Fallows stood up—his face was in shadow, so far beneath was the odorous lamp.

“Living God—I can’t make them see—I can’t make them see! They’re all enchanted. Or else I’m dead and this is hell.... They talk about Country. They talk about making a man stand in a place of sure death for his Country—in this Twentieth Century—when war has lost its last vestige of meaning to the man in the ranks, and his Country is a thing of rottenness and moral desolation! What is the Country to the man in the ranks? A group of corrupt, inbred undermen who study to sate themselves—to tickle and soften themselves—with the property and blood and slavery of the poor.... A good man, a clean man, is torn from his house to fight, to stand in the fire-pits and die for such monsters. Suddenly the poor man sees!

“... He came forth from the grain with vision—smiling and unafraid. He is not afraid to fight, but he has found himself on the wrong side of the battle. When he fights again it will be for his child, for his house, for his brother, for his woman, for his soul.
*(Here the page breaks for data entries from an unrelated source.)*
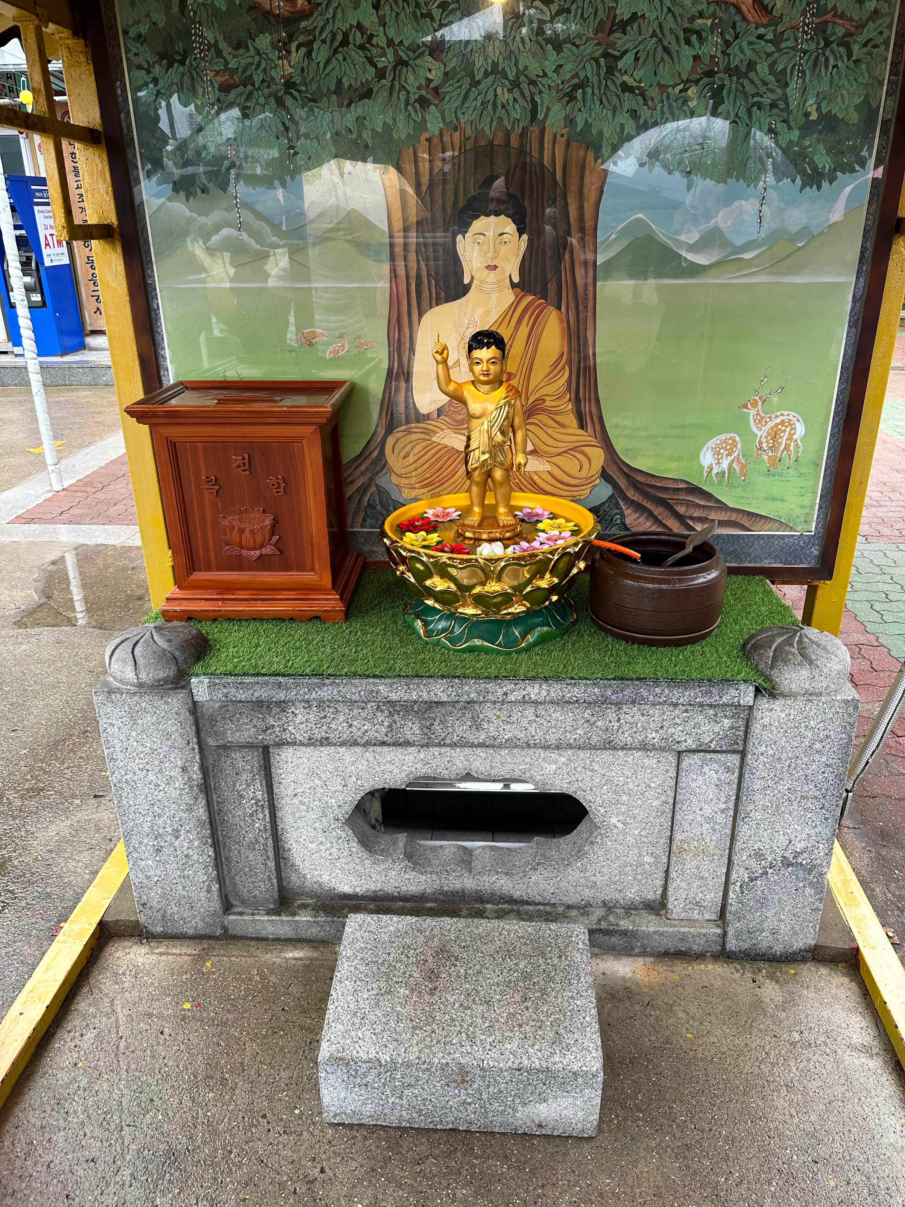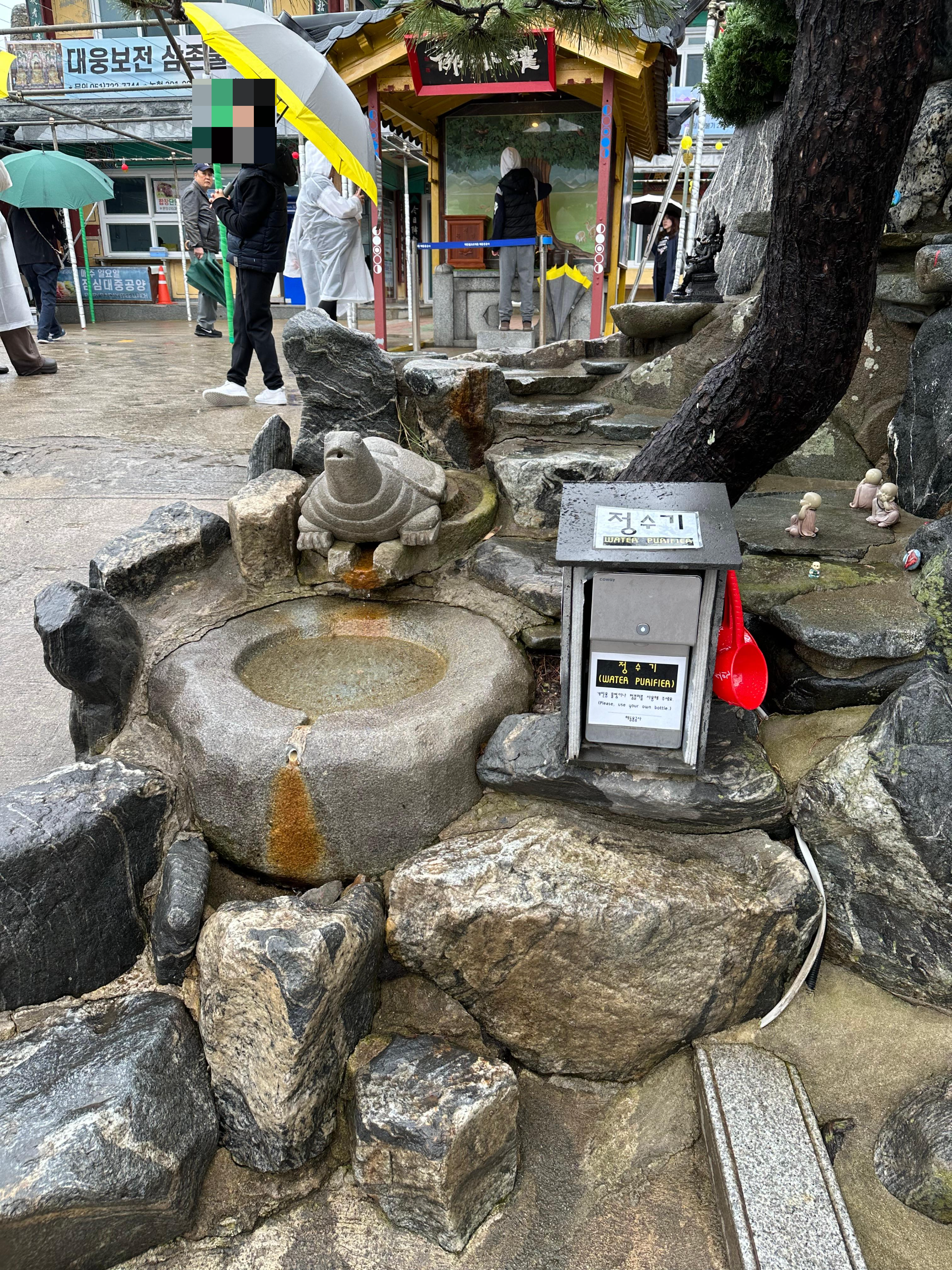 해동용궁사 신비한 약수 지하 계단 바로 뒤편에는 재미있는 관불의식이라는 체험 공간이 있습니다. 아기 부처님 위에 물을 자연스레 뿌려 깨끗하게 씻겨드리면서 동시에 나 자신의 마음속에 탐, 진, 치 번뇌도 씻어내어 맑고 청정한 지혜와 복을 성취하기 위한 의식이라고 해요. 이러한 의식은 3번만 하라고 되어있습니다. 해동용궁사의 신비한 약수의 경우 내일로 기차여행으로 부산에 왔을 때 처음 왓었는데요. 10년전에 여행올 때는 바다위에 절이 있다고 해서 그것만 보고 왔는데요. 그때 신비한 약수가 이번 여행에서도 떠오르게 했었습니다. 그리고 다른사람들이 그냥 지나칠만큼 저 역시 지나칠뻔했지만 그때의 인상이 강했는지 이번에도 신비한 약수에서 물으 마셨습니다.
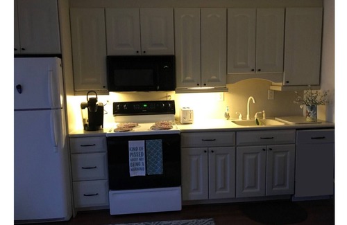 The unit has a fully equipped kitchen including a refrigerator, 4-burner stovetop with an oven, a microwave, a tea kettle, a toaster, a blender, a Keurig, a drip coffee maker . The kitchen also equipped with cooking utensils, dishes, and cookware.
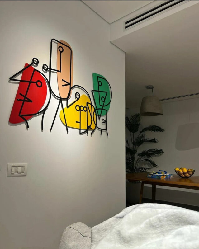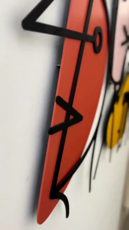 این تابلو از **چوب سهلایه روسی و MDF با ضخامت ۳ میلیمتر** ساخته شده و دارای طراحی انتزاعی با رنگهای مدرن و متناسب است. **برشهای دقیق و ترکیب لایههای چوبی** جلوهای برجسته و خاص به تابلو بخشیدهاند. طراحی سبک خطی، با رنگهای زرد، آبی و قرمز ترکیب شده تا حس هنری و مینیمال را در فضا تداعی کند.
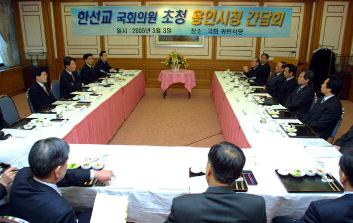 용인시는 지난 3일 국회에서 용인출신 우제창 의원(용인갑)·한선교 의원(용인을)과 이정문 시장, 이병만 부시장을 비롯한 시 주요간부들이 참석한 가운데 시정주요현안 사항 해결을 위한 간담회를 가졌다.
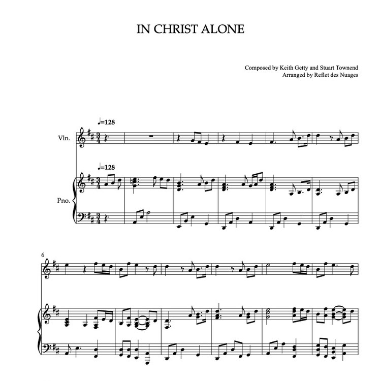 Sheet music of In Christ Alone arranged for violin and piano duet chamber ensemble
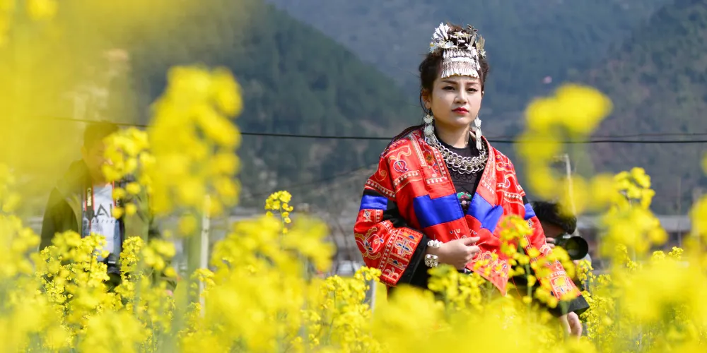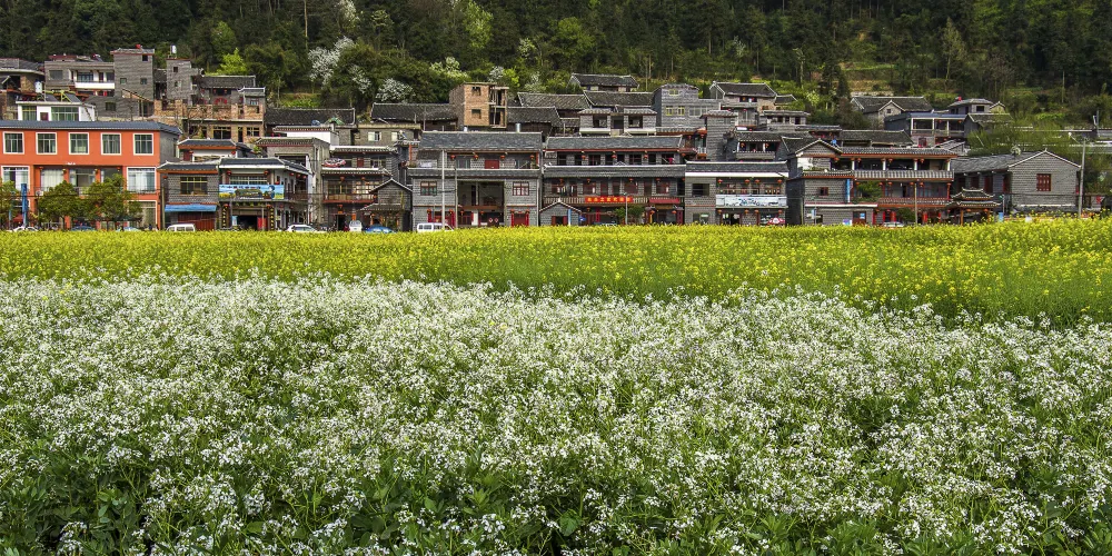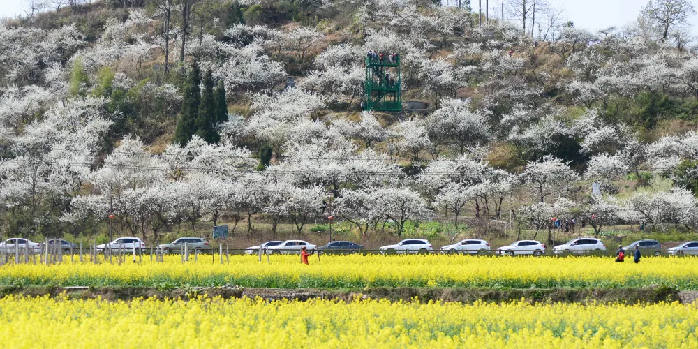 陽春三月,在貴州省貴定縣盤江鎮音寨村,金黃的油菜花和雪白的李子花交相輝映,被人們譽為“金海雪山”。音寨家家戶戶都在自己的房前屋後山坡上種植李樹,每至春分,從音寨極目四望,遠山近巒,到處綻開雪白純潔的李花,這就是遠近聞名的盤江酥李之花。
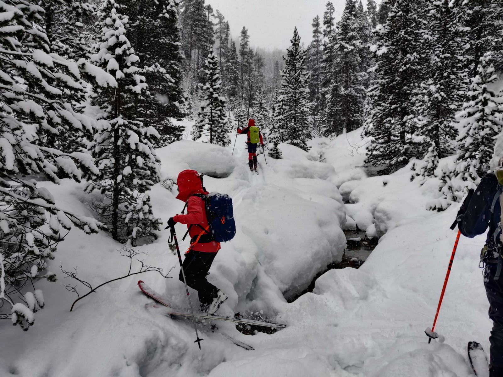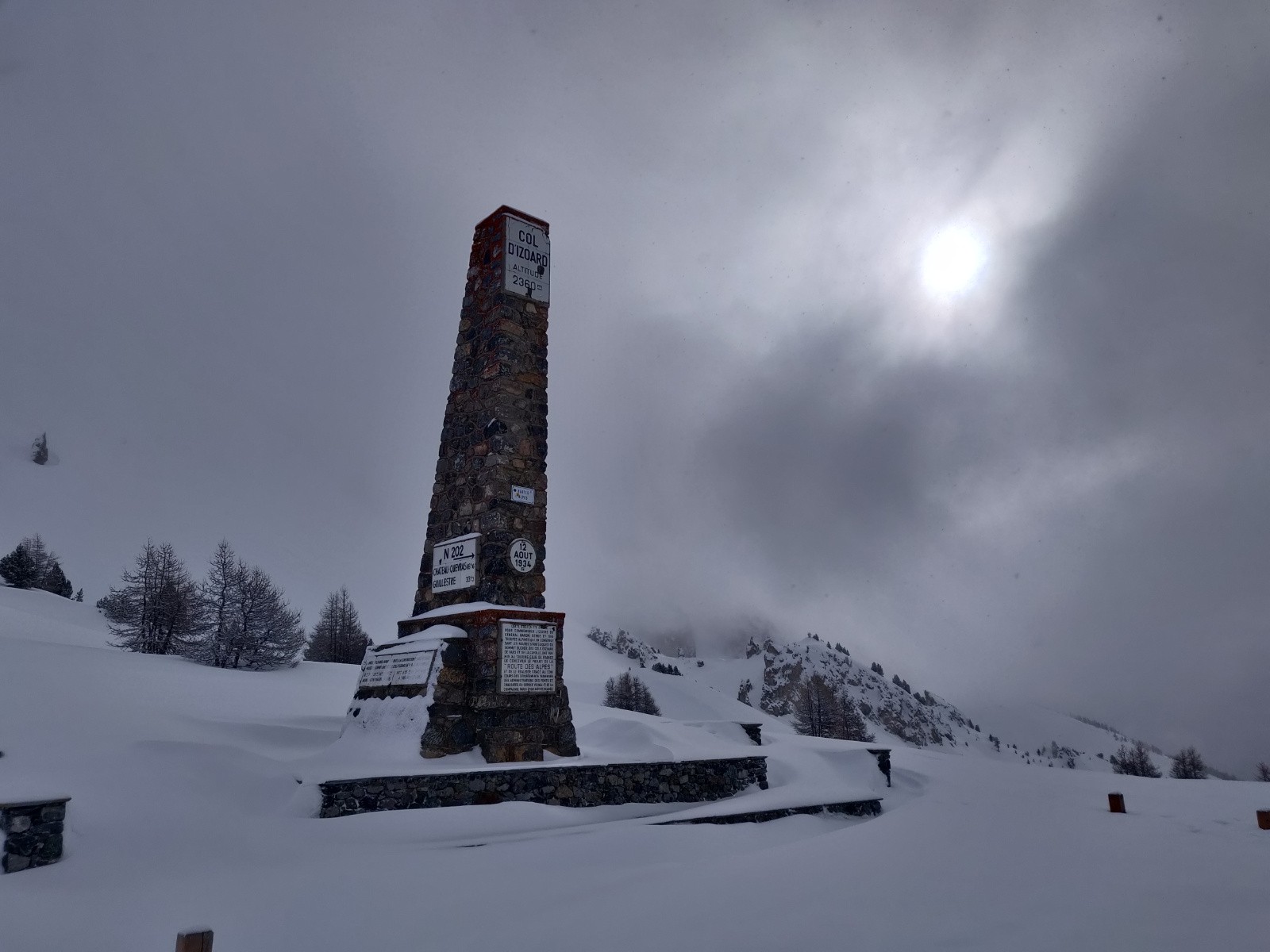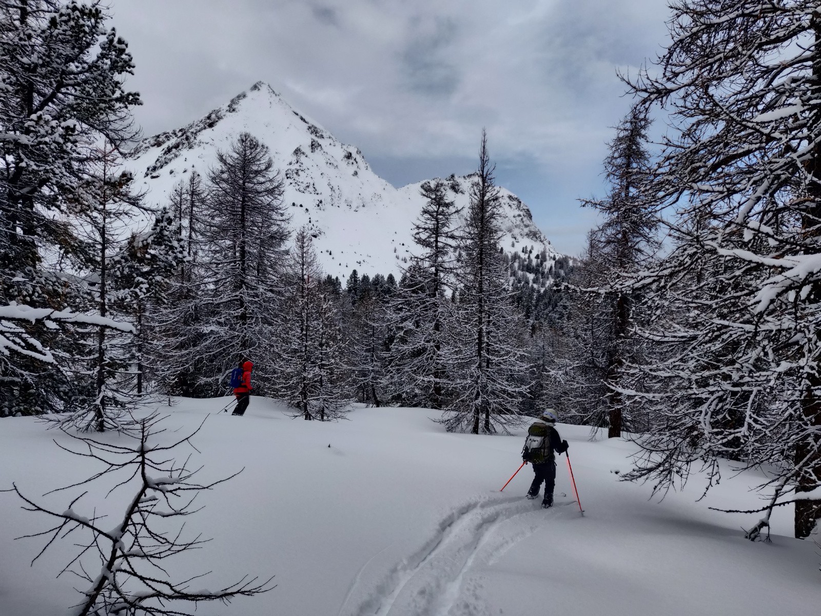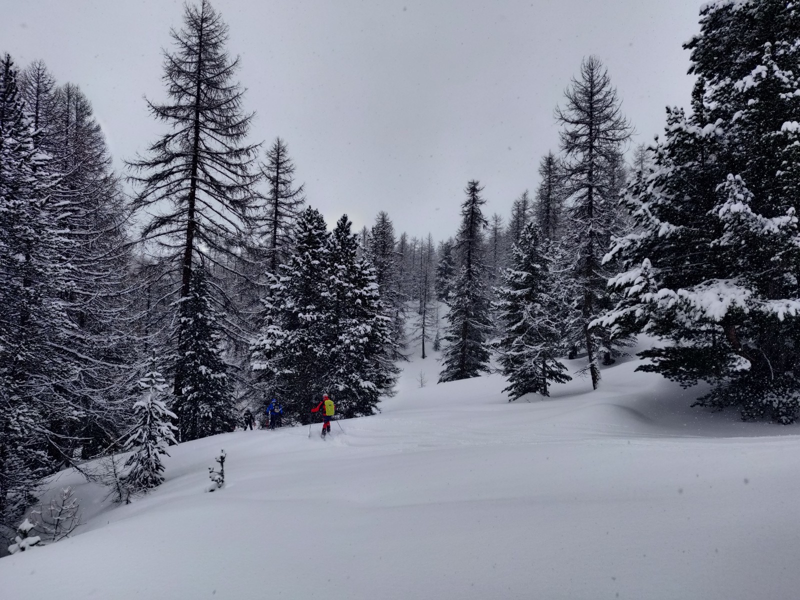 Itinéraire suivi : Prévisions météo assez mauvaises pour la journée (nuages et neige), nous partons tricoter autour du col de l'Izoard. Montée bucolique le long de la rivière jusqu'au refuge Napoléon et col de l'Izoard. Très mauvaise visibilité comme prévu. Nous descendons en suivant la route dans une bonne neige juste tombée. Repeautage vers 2150m pour remonter en direction du col des Ourdeis. Arrivés sur le plateau du champ de tir, les cols autour sont bouchés, nous décidons de profiter de la bonne neige en redescendant à la route par la foret. Seconde montée cette fois jusqu'en haut du bois de la Ravée 2330m. La descente qui suit est tellement incroyable qu'on se croirait au Canada. Neige légère, fond dur parfait, slalom entre les sapins enneigés. Le tout couronné par quelques éclaircies. Évidemment on en refait une, puis retour au Laus, trempés, mais heureux !
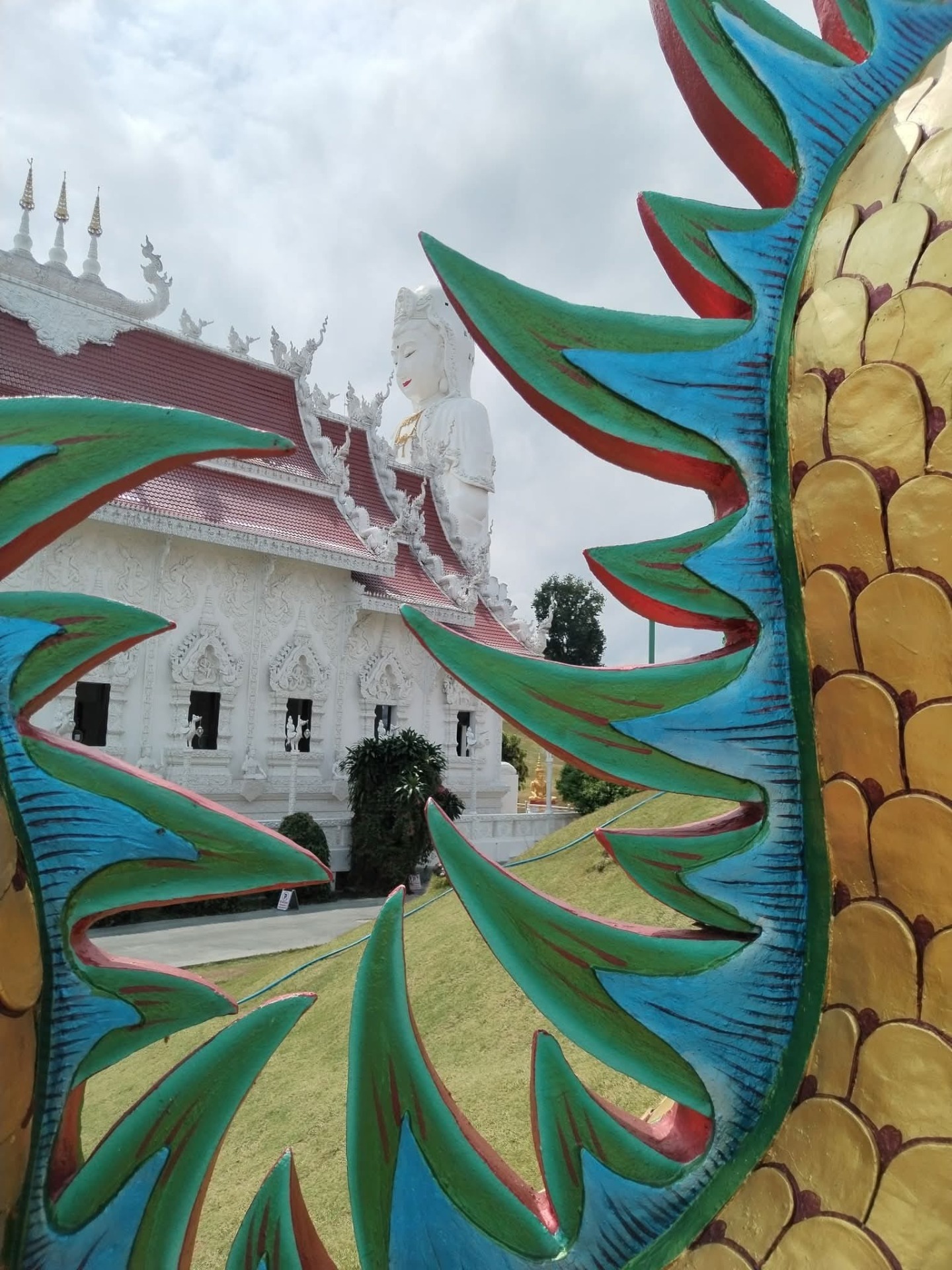 Tailândia, cidade de Chiang Rai: as cristas do dorso de um dos dragões que adornam um templo, enquadram,

Blood in plenty has he for such a war.... Think of it, John Morning, the Empire was entrusted to poor little Luban—against this man of vision! He came forth smiling from the grain. ‘I do not belong here, my masters. I was torn away from my woman and children, and I must be home for the winter ploughing. It is a long way—and I must be off. I am a ploughman, not a soldier. I belong to my children and my field. My country does not plough my field—does not feed my children.... What could Luban do but kill him—little agent of Herod? But the starry child lives!...

“And listen, John, to-night—you heard them—we heard these fat-necked, vulture-breasted commanders—vain, envy-poisoned, scandal-mongering commanders, complaining to each other: ‘See, what stuff has been given us to win battles with!... I have told it and they cannot see. They are not even good devils; they are not decent devourers. They have no humor—that is their deadly sin. An adult, half-human murderer, seeing his soldiers leave the field, would cry aloud, ‘Hello, you Innocents—so you have wakened up at last!’ But these cannot see. Their eyes are stuck together. It is their deadly sin—the sin against the Holy Ghost—to lack humor to this extent!”

Morning laughed strangely. “Come on to bed, you old anarchist,” he said, though sleep was far from his own eyes.

“That’s it, John. Anarchy. In the name of Fatherland, Russia murders a hundred thousand workmen out here in Asia. In answer, a few men and women gather together in a Petersburg cellar, saying, ‘We are fools, not heroes. When we fight again it will be for Our Country!’ And they are anarchists—their cause is Terrorism!”

“We’re all shot to pieces to-night, Duke——”

“We are alive, John. Lowenkampf is alive. But he who spoke to me this day, who came forth so blithely to die in my arms (his woman sleeps ill to-night in the midst of her babes), and he is lying out in the rain, his face turned up to the rain. God damn the fat reptile that calls itself Fatherland!... But, I say to you, that we’re come nearly to the end of the prince and pauper business on this planet. The soul of the Ploughman was heard to-day—as long ago they heard the Soul of the Carpenter.... He is lying out there in the millet—his face turned up to the rain. Yet I say to you, John, there’s more life in him this hour than in his Tsar and all the princes of the blood.”

Fallows covered his face with his hands.

“You’re tired and thick to-night, John, but you are one who must see!” he finished passionately. “You must help me tell the story to the cellar gatherings in Petersburg, to the secret meetings in all the centers of misery, wherever a few are gathered together in the name of Brotherhood—in New York, London, Paris, and Berlin.... You must help me to make other men see—help me to tell this thing so that the world will hear it, and with such power that the world will be unable longer to lie to itself.